Recorded information
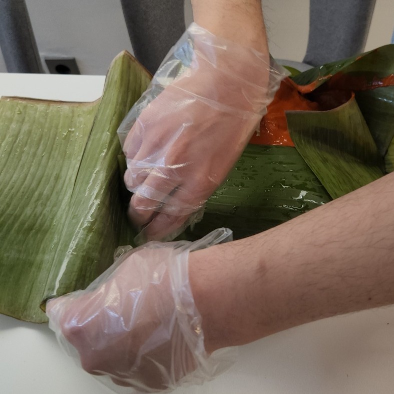 '홍화씨를 비롯한 여러 향신료로 간을 한 돼지고기를 바나나잎으로 감싸 땅속에서 찐 음식이겠군요.' - 쿼나
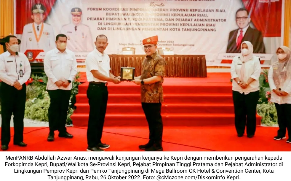 cMczone.com – Menteri Pendayagunaan Aparatur Negara dan Reformasi Birokrasi (MenPANRB) Abdullah Azwar Anas, mengawali kunjungan kerjanya ke Kepulauan Riau (Kepri) dengan memberikan pengarahan kepada Forum Koordinasi Pimpinan Daerah (Forkopimda) Kepri, Bupati/Walikota Se-Provinsi Kepri, Pejabat Pimpinan Tinggi Pratama dan Pejabat Administrator di Lingkungan Pemerintah Provinsi (Pemprov) Kepri dan Pemerintah Kota (Pemko) Tanjungpinang di Mega Ballroom CK Hotel & Convention Center, Kota Tanjungpinang, Rabu, 26 Oktober 2022.
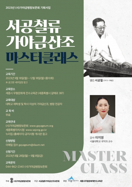 이번 교육은 ㈔가야금병창보존회 주최, 서공철류가야금산조보존회 주관으로 진행된다.
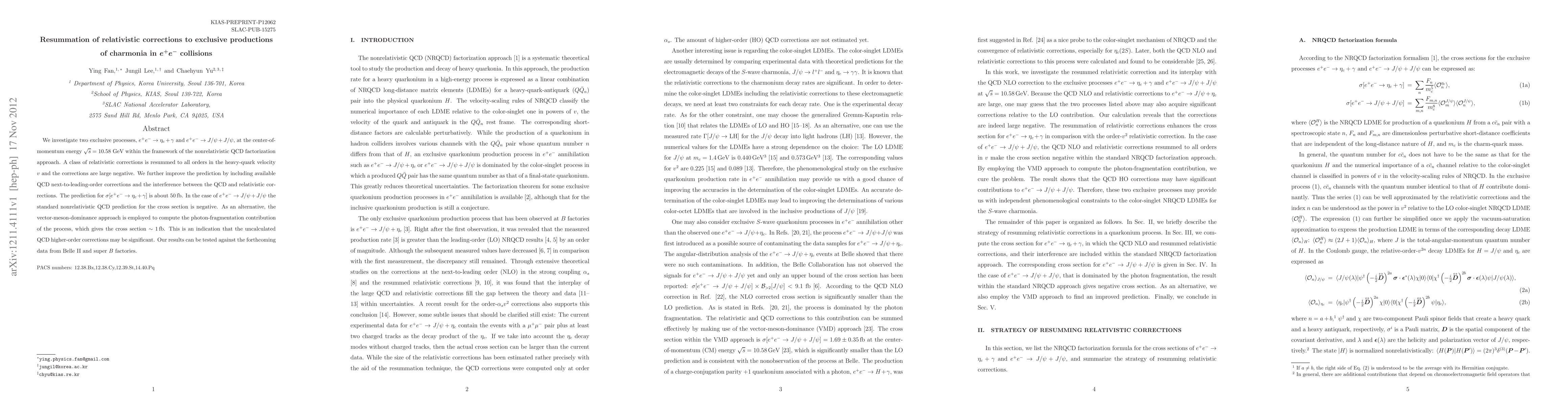 This paper studies exclusive charmonia productions in e+ e- collisions using nonrelativistic QCD, resums relativistic corrections, and combines them with QCD next-to-leading-order corrections. The predicted cross section for e+ e- -> eta_c + gamma is ~50 fb, while for e+ e- -> J/psi + J/psi, a negative standard prediction is addressed using vector-meson-dominance, yielding a ~1 fb cross section.

What you need to do
With the pictures omitted, give every line above again exactly.

Exercise solution
 '홍화씨를 비롯한 여러 향신료로 간을 한 돼지고기를 바나나잎으로 감싸 땅속에서 찐 음식이겠군요.' - 쿼나
 cMczone.com – Menteri Pendayagunaan Aparatur Negara dan Reformasi Birokrasi (MenPANRB) Abdullah Azwar Anas, mengawali kunjungan kerjanya ke Kepulauan Riau (Kepri) dengan memberikan pengarahan kepada Forum Koordinasi Pimpinan Daerah (Forkopimda) Kepri, Bupati/Walikota Se-Provinsi Kepri, Pejabat Pimpinan Tinggi Pratama dan Pejabat Administrator di Lingkungan Pemerintah Provinsi (Pemprov) Kepri dan Pemerintah Kota (Pemko) Tanjungpinang di Mega Ballroom CK Hotel & Convention Center, Kota Tanjungpinang, Rabu, 26 Oktober 2022.
 이번 교육은 ㈔가야금병창보존회 주최, 서공철류가야금산조보존회 주관으로 진행된다.
 This paper studies exclusive charmonia productions in e+ e- collisions using nonrelativistic QCD, resums relativistic corrections, and combines them with QCD next-to-leading-order corrections. The predicted cross section for e+ e- -> eta_c + gamma is ~50 fb, while for e+ e- -> J/psi + J/psi, a negative standard prediction is addressed using vector-meson-dominance, yielding a ~1 fb cross section.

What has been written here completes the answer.